といっても決して難しい方法ではなく、「分からなくなってもいい」「お互いに問いかける」などの5つのルールを守るだけ。大人同士であれば司会進行をするファシリテーターも必要ありません。
今回このテーマに興味を持ったチームメンバーは関心領域がそれぞれ異なっていたため、まずは哲学対話で話し合いたいテーマをみんなで出し合い、その中から2案を選びました。
1回目の哲学対話のお題は「関係の質とは」。経営チームが大解剖していた「おうちの診療所」で重視しているのが関係の質です。捉えどころのない関係の質について、2時間じっくり話し合いました。
2回目の哲学対話のお題は「他者の価値観を受け入れるには?」。こちらは同級生と分かり合えなかったという経験をきっかけに生まれた問いです。2回目にもなると対話の方法にも慣れてきました。

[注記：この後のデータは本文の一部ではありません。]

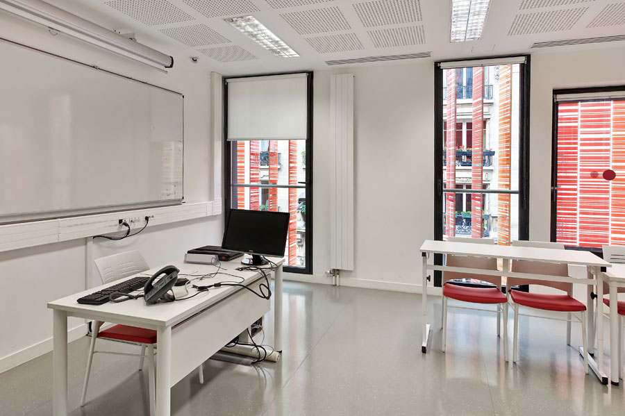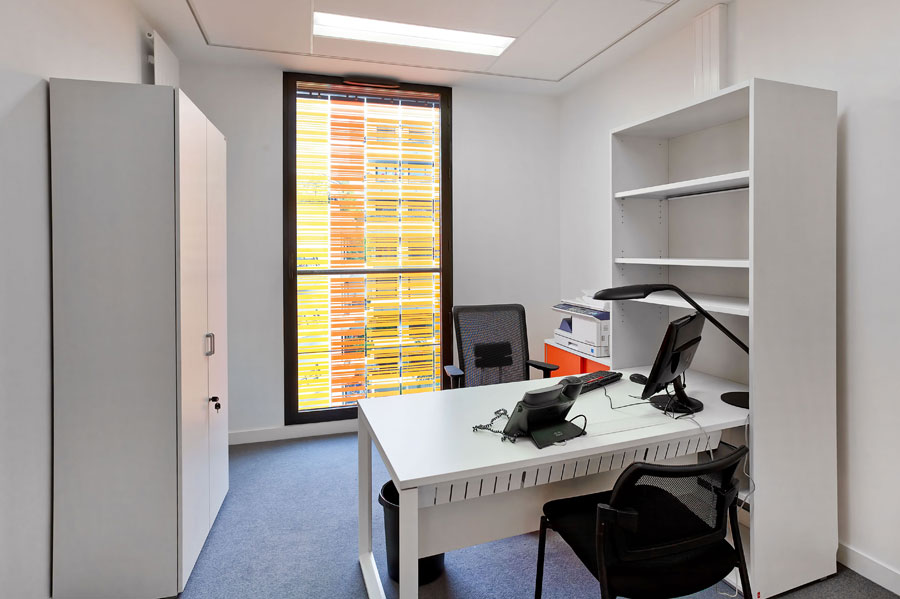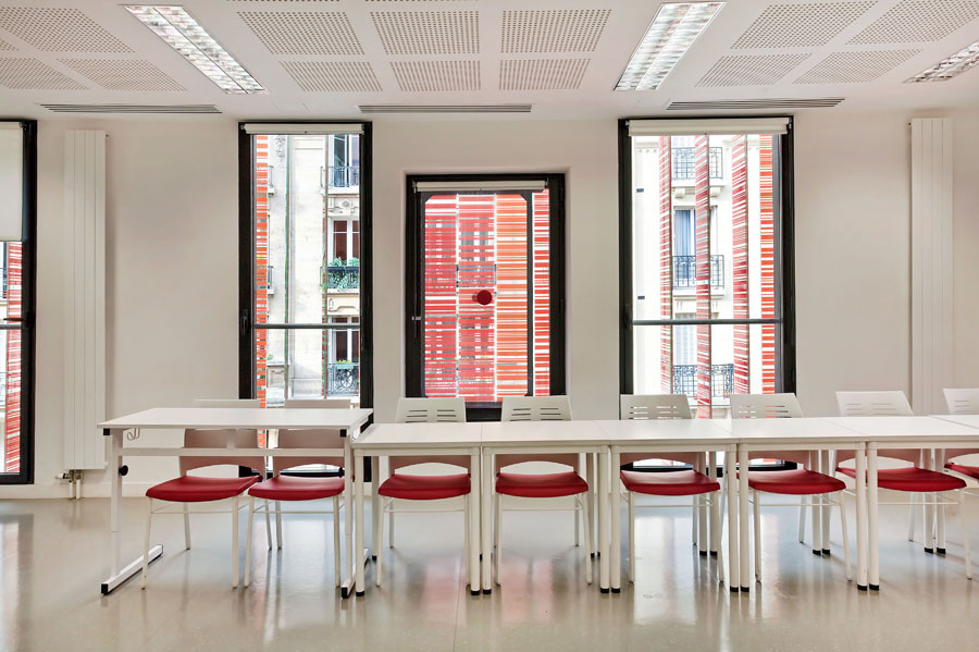 he Novancia school in Paris is the new Chamber of Commerce and Industrial business school; which reflects its origins and represents at the same time innovation. This new building is derived from the fusion of the two original schools (Advancia y Negocia) in a single establishment, in 2011. In contrast to the brick which was used in the original building opened in 1908, the new glass facade of the extension brings a gradient of colour from red to yellow with more that 4000 rotating slats which controls the inlet of temperature and light into the building.

わざわざ時間をつくって、オチも結論も求めず思いをそのまま交わし合う対話の時間は非常に豊かな時間だったそうです。成果を求めない自由研究だからこそ実現できた贅沢な時間の使い方ですね。哲学対話からは「まとめ」や「答え」は出ませんが、得られたものは確実にあったようでした。

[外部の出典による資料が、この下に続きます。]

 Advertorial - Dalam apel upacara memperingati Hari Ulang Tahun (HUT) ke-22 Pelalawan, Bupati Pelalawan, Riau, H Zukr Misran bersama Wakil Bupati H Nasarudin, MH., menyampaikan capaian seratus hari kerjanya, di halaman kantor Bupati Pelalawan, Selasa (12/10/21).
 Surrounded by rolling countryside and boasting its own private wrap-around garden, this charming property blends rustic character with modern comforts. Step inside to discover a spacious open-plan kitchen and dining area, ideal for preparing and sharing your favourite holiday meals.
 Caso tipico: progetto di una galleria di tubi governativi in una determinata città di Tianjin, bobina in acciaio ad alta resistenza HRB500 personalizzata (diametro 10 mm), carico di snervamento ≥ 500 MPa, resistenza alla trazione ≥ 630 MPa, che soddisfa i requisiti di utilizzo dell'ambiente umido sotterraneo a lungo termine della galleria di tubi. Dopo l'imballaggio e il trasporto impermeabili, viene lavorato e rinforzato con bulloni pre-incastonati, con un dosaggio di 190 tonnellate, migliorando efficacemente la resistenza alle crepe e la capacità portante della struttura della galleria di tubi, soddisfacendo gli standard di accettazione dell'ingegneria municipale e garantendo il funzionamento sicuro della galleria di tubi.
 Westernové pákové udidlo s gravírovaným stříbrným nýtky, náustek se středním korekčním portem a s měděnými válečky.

チームメンバー:よこたつ、ムーさん、まさまさ、大野先生、Satoさん、kissa
(6)アートチーム「絵心からの解放」
このチームのチャンネルには、研究期間中、毎日メンバーが撮影した写真が投稿されました。何気なく一人が始めたことを真似したのが始まりで、毎日ひとり1枚写真をアップし、お互いにコメントをつけ合うのが習慣化していった結果、投稿された日常写真は167枚にのぼりました。
このチームの研究テーマは「絵心からの解放」。
日頃なかなか写真や絵を書けない理由のひとつに、他人の目を意識してしまうということがあります。そこで、このチームでは、うまくやろうとせずにアウトプットしていくことに重きをおきました。

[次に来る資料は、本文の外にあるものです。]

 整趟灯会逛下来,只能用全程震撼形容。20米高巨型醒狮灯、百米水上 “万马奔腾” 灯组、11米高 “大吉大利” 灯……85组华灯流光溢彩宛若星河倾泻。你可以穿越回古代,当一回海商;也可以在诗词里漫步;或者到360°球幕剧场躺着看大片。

「非同期で参加しやすいようにしよう」というチームのスタンスも決め、それぞれのペースで投稿するスタイルをとりました。そのおかげで気構えずに投稿できた他、日頃はスレッドへの参加が少ないメンバーが登場してくれるという嬉しいメリットもありました。
日々の蓄積は馬鹿にならないもので、撮ることが習慣になってくると日常の小さな感動ポイントを見つけやすくなるという変化もあったそうです。また、多くの会話を交わしたわけではありませんが、写真やコメントからお互いのパーソナリティに触れられ、メンバー間の交流も深まっていきました。
投稿写真をまとめたコラージュからはアート/写真チームの静かな盛り上がりが伝わってきました。写真の投稿は研究期間終了後も続いており、今後は月に1回は感想を言い合う回をしてみようという話も出ているのだとか。SHIPメンバーはぜひチャンネルものぞいてみてください。